Music
After studying the music of the Bantu at Cape Town University, McDermot incorporated African rhythms into the score of Hair. He listened to "what called quaylas... very characteristic beat, very similar to rock. Much deeper though.... Hair is very African – a lot of rhythms, not the tunes so much." Quaylas stress beats on unexpected syllables, and this influence can be heard in songs like "What a Piece of Work Is Man" and "Ain't Got No Grass". MacDermot said, "My idea was to make a total funk show. They said they wanted rock & roll – but to me that translated to 'funk.'" That funk is evident throughout the score, notably in songs like "Colored Spade" and "Walking in Space".

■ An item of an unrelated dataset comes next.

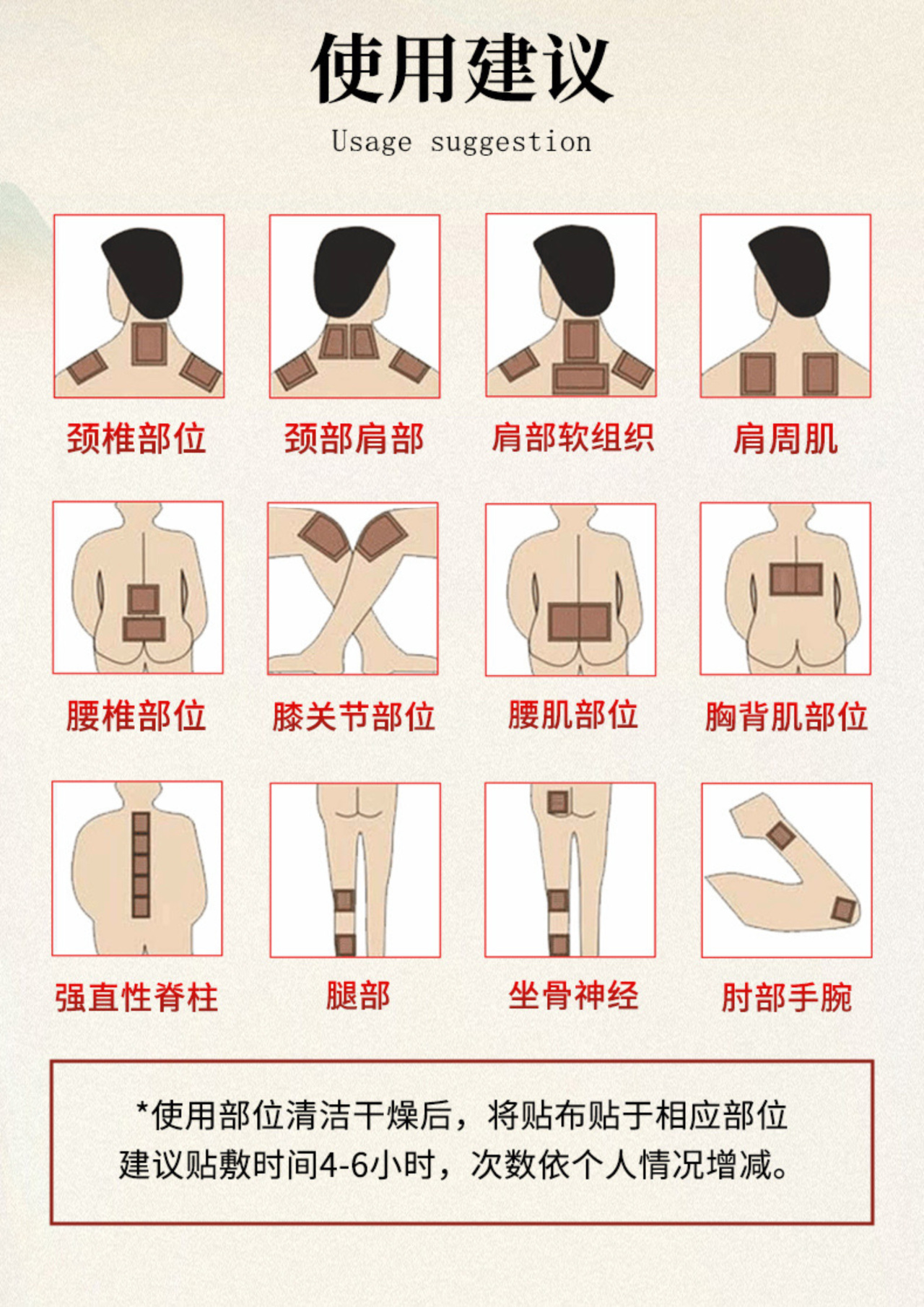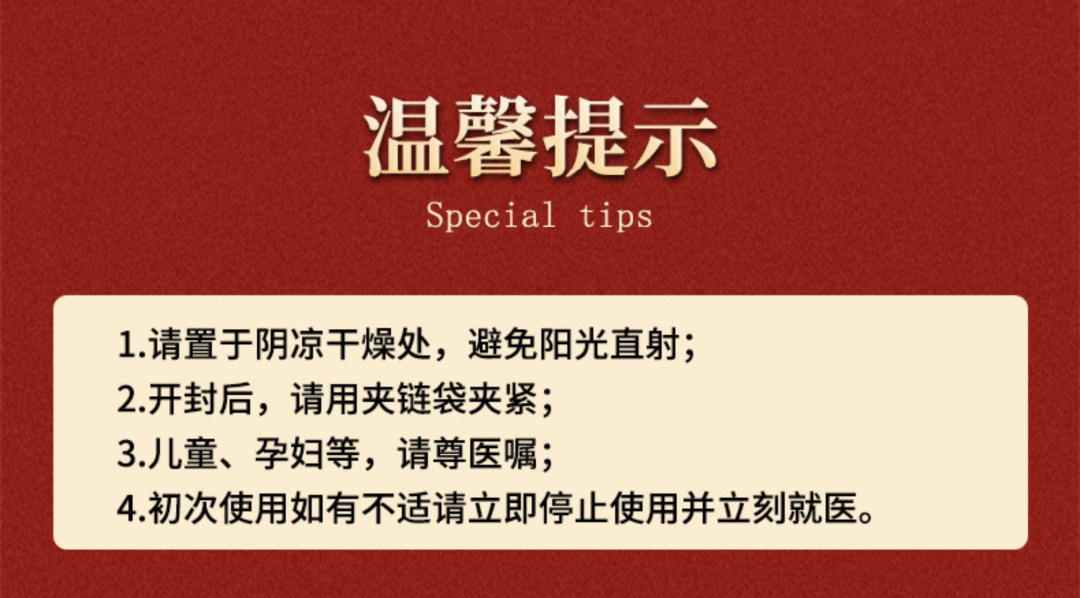 温馨小提示:过敏体质和孕、婴、哺乳期都不建议使用;如果皮肤破皮溃烂的时候,也要避开使用;还有就是,贴布撕下半小时内,注意不要碰水哦!如果出现红肿、瘙痒或刺激等异常现象,应立即停止使用!贴布只供外用,请勿食用呀!

MacDermot has claimed that the songs "can't all be the same. You've got to get different styles.... I like to think they're all a little different." As such, the music in Hair runs the gamut of rock: from the rockabilly sensibilities of "Don't Put it Down" to the folk rock rhythms of "Frank Mills" and "What a Piece of Work is Man". "Easy to be Hard" is pure rhythm and blues, and protest rock anthems abound: "Ain't Got No" and "The Flesh Failures". The acid rock of "Walking in Space" and "Aquarius" are balanced by the mainstream pop of "Good Morning Starshine". Scott Miller ties the music of Hair to the hippies' political themes: "The hippies... were determined to create art of the people and their chosen art form, rock/folk music was by its definition, populist. ...he hippies' music was often very angry, its anger directed at those who would prostitute the Constitution, who would sell America out, who would betray what America stood for; in other words, directed at their parents and the government." Theatre historian John Kenrick explains the application of rock music to the medium of the stage:
The same hard rock sound that had conquered the world of popular music made its way to the musical stage with two simultaneous hits – Your Own Thing Hair.... This explosion of revolutionary proclamations, profanity and hard rock shook the musical theatre to its roots.... Most people in the theatre business were unwilling to look on Hair as anything more than a noisy accident. Tony voters tried to ignore Hair's importance, shutting it out from any honors. However, some now insisted it was time for a change. New York Times critic Clive Barnes gushed that Hair was "the first Broadway musical in some time to have the authentic voice of today rather than the day before yesterday."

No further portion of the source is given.